• **REQUIREMENT**: Reproduce word for word, from the entries below, the line with "Изабела д'Есте, рисунка от Леонардо", the line with "И още нещо –", and every line between them, and nothing more.

• **RECORDS SUPPLIED**:
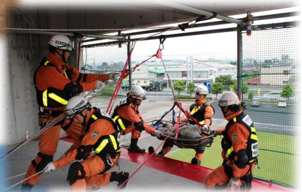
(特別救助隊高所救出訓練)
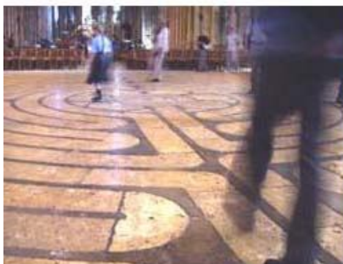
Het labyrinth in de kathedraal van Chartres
--
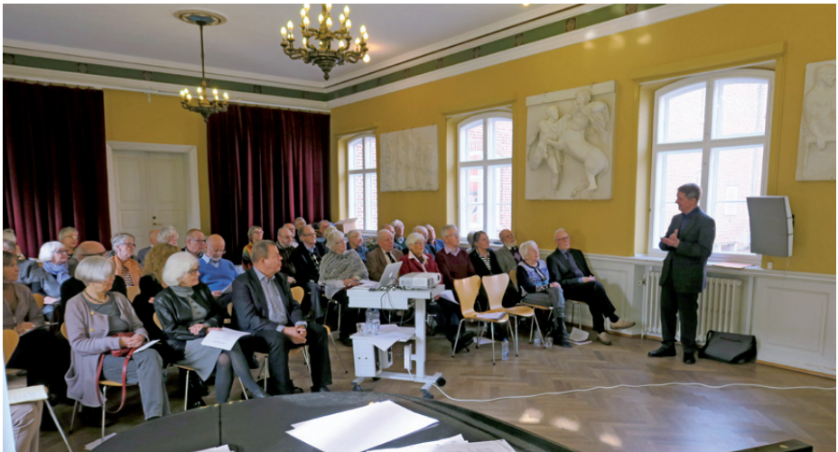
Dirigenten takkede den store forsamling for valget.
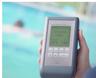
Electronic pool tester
==
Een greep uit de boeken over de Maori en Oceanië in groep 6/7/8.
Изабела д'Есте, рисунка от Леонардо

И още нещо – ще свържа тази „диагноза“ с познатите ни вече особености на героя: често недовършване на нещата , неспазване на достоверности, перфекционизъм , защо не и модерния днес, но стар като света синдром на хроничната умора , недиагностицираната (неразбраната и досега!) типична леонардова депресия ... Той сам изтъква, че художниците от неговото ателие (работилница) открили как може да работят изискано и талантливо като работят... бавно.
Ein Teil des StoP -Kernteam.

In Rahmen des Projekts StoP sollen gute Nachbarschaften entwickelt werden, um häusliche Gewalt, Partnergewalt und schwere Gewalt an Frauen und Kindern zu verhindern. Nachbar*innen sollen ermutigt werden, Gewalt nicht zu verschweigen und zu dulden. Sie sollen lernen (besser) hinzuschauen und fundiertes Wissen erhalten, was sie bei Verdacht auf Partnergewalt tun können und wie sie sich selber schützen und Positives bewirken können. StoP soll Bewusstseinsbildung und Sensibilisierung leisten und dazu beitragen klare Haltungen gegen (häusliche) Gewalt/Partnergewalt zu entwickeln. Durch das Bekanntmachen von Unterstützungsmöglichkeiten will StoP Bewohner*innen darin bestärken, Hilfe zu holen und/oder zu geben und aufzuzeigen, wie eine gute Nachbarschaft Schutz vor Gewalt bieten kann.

• **ANSWER TO THIS TASK**:
Изабела д'Есте, рисунка от Леонардо

И още нещо – ще свържа тази „диагноза“ с познатите ни вече особености на героя: често недовършване на нещата , неспазване на достоверности, перфекционизъм , защо не и модерния днес, но стар като света синдром на хроничната умора , недиагностицираната (неразбраната и досега!) типична леонардова депресия ... Той сам изтъква, че художниците от неговото ателие (работилница) открили как може да работят изискано и талантливо като работят... бавно.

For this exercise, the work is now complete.